The Czech Republic: also known by its short-form name, Czechia; Czech, is a country in Central Europe bordered by Germany to the west, Austria to the south, Slovakia to the east, and Poland to the northeast. The Czech Republic is a landlocked country with a hilly landscape that covers an area of 78,866 square kilometers (30,450 sq mi) with a mostly temperate continental climate and oceanic climate. It is a unitary parliamentary republic, with 10.6 million inhabitants. Its capital and largest city is Prague, with 1.3 million residents.

Wikipedia

Czech Republic

I had not done much research on the Czech Republic before this trip, that darn day job thing keeps getting in the way, so I didn’t know really what to expect. I knew it played a key role in WWII and was under communist rule for a number of years, so I think I thought it would be more similar to Romania than Montenegro.  After all, one of our “luxury” hotels advertised that it had a bowling alley and their online picture of it, well, it looked like it was built in 60s and in desperate need of some TLC. Hence, I was expecting a functional but utilitarian society that was still adjusting to a non-communist life-style.

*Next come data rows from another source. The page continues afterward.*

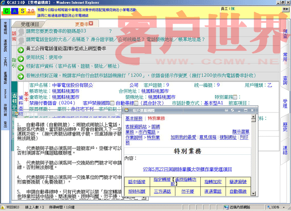 我們推動(dòng)「CPEP客服流程提升計(jì)劃」的重點(diǎn)是在IVR流程中就請(qǐng)客戶自行輸入其欲查詢或辦理的電話號(hào)碼,同時(shí)客服系統(tǒng)便先透過(guò)EAI到后端信息系統(tǒng),查詢出該號(hào)碼的核心數(shù)據(jù)(含基本、帳務(wù)、欠費(fèi)記錄、來(lái)電歷史等),當(dāng)客服人員應(yīng)答時(shí)客服系統(tǒng)便立即將這些核心數(shù)據(jù)顯示在屏幕上(如圖一),客服人員便可立即掌握此客戶之相關(guān)資料,CPEP如此改善后平均的服務(wù)效率提升了11%。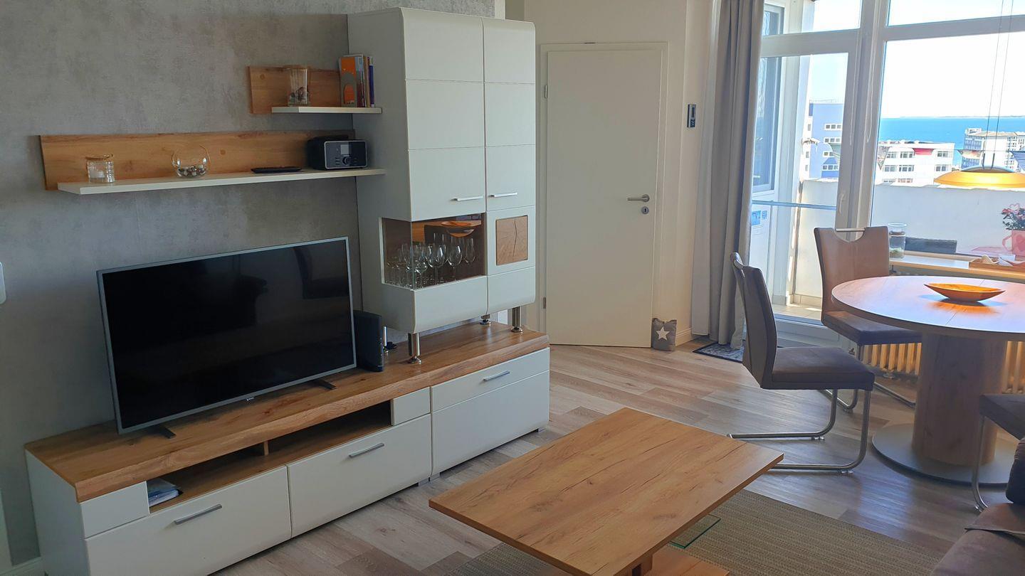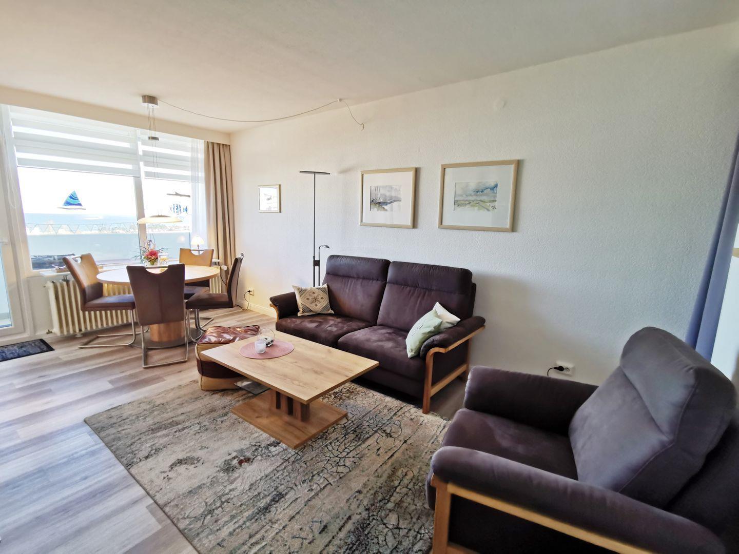 Wohnbereich: Der lichtdurchflutete Wohnbereich lädt mit einer gemütlichen Couch und einem Essbereich direkt am Fenster dazu ein, die atemberaubende Aussicht auf die Ostsee, Fehmarn und die Fehmarnsundbrücke zu genießen.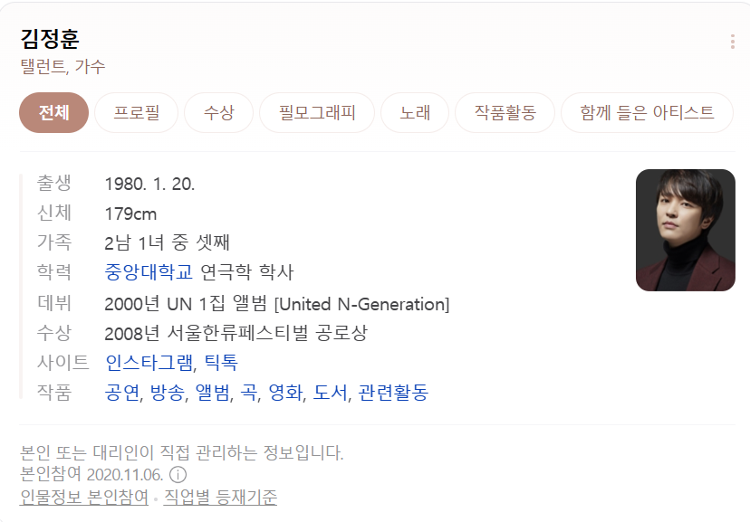 과거 UN그룹에서 꽃미남 보컬로 인기를 많이 받았었으며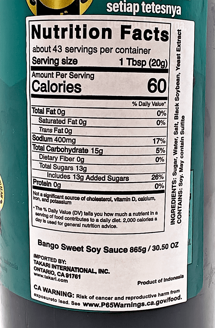 INGREDIENTS: Sugar, Water, Salt, Black Soybean Yeast Extract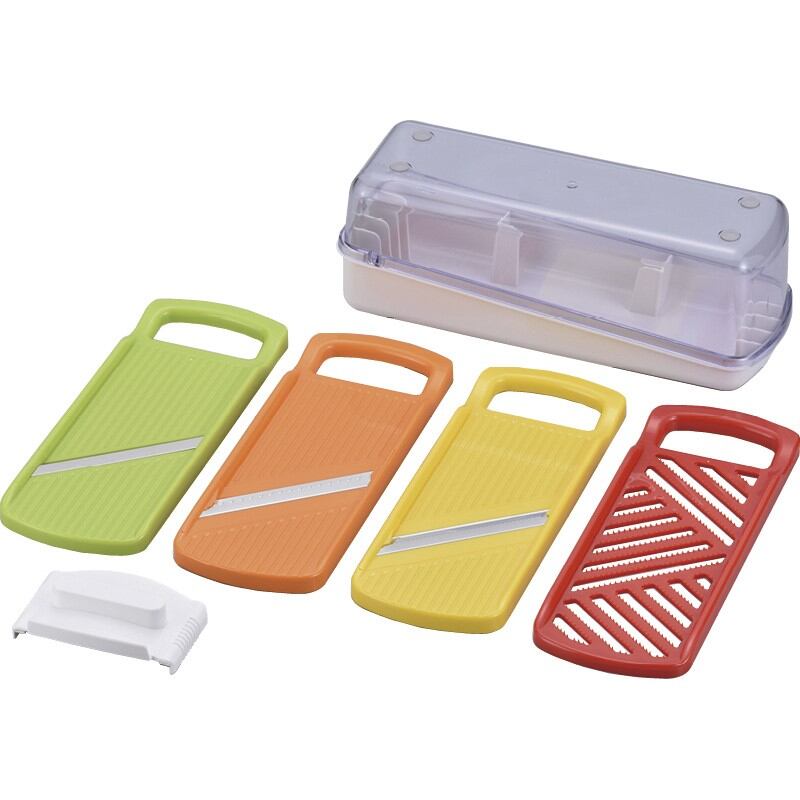 商品内容:スライサー・千切り・つま切り・おろし・安全ホルダー・収納ケース(23.5×8.5×8.8cm)・容器×各1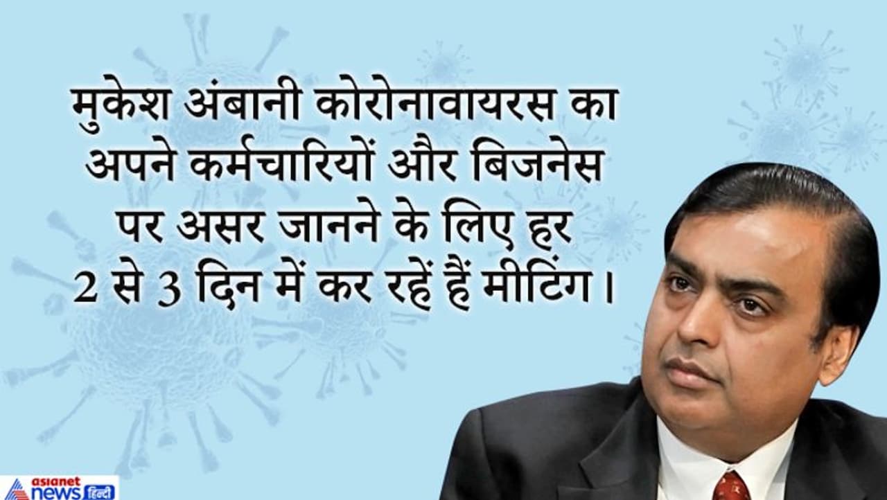 इन सबसे निपटने के लिए रिलायंस इंडस्ट्रीज के चेयरमैन मुकेश अंबानी लगभग एक महीने से अपने पांच लाख कर्मचारियों और व्यापार पर कोरोनावायरस के असर का जायजा लेने के लिए हर दूसरे-तीसरे दिन एक मीटिंग कर रहे हैं।

Obviously, I should have done a little more research to get a better understanding.  Firstly, it was only under communist rule for about 40 years and was not just farms and countryside.  Ohh, what a silly tourist I can be. (By the way, I hate being called a tourist, I prefer to be a traveler. A tourist sees the world from a bus or following someone around, with 40 other people, listening to an audio tour. They take their pictures, then return to their western big chain hotel for the night; rinse and repeat for the next city or attraction. A traveler, in my opinion, is someone that tries to get a little closer to the people and the culture. Someone that doesn’t interrupt the flow of a city when they arrive.  Sure, they may easily be spotted as an outsider, but they shy away from the big hotels and main tourist spots for something a little more off the beaten path. Places where you can actually interact with the locals and they are glad to see someone coming to visit.)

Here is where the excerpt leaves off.